— INFORMATION SHOWN —
────────────────────

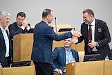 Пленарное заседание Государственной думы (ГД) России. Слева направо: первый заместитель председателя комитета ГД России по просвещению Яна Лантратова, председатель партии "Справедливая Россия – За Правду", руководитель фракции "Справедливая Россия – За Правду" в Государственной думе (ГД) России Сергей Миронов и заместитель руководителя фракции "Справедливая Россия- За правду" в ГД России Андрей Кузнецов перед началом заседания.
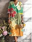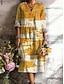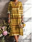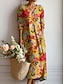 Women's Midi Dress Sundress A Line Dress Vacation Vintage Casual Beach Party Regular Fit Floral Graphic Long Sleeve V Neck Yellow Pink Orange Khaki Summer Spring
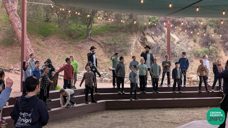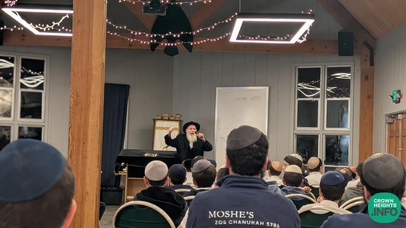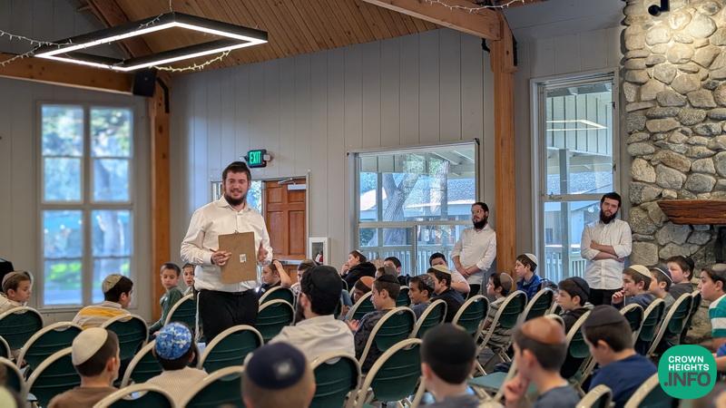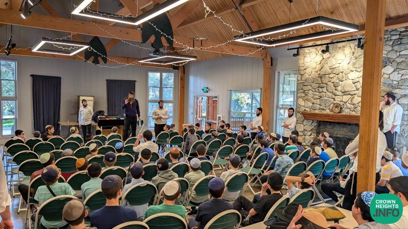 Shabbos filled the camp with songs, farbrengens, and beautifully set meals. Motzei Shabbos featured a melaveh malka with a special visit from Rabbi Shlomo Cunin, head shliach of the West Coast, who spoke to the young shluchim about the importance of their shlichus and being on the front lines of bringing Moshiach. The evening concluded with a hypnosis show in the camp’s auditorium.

────────────────────

— YOUR GOAL —
Copy the lines exactly. Start at the line with "Women's Midi Dress", end at the last line above, include both, and omit all pictures.

— RESULT FOR THIS TASK —
 Women's Midi Dress Sundress A Line Dress Vacation Vintage Casual Beach Party Regular Fit Floral Graphic Long Sleeve V Neck Yellow Pink Orange Khaki Summer Spring
 Shabbos filled the camp with songs, farbrengens, and beautifully set meals. Motzei Shabbos featured a melaveh malka with a special visit from Rabbi Shlomo Cunin, head shliach of the West Coast, who spoke to the young shluchim about the importance of their shlichus and being on the front lines of bringing Moshiach. The evening concluded with a hypnosis show in the camp’s auditorium.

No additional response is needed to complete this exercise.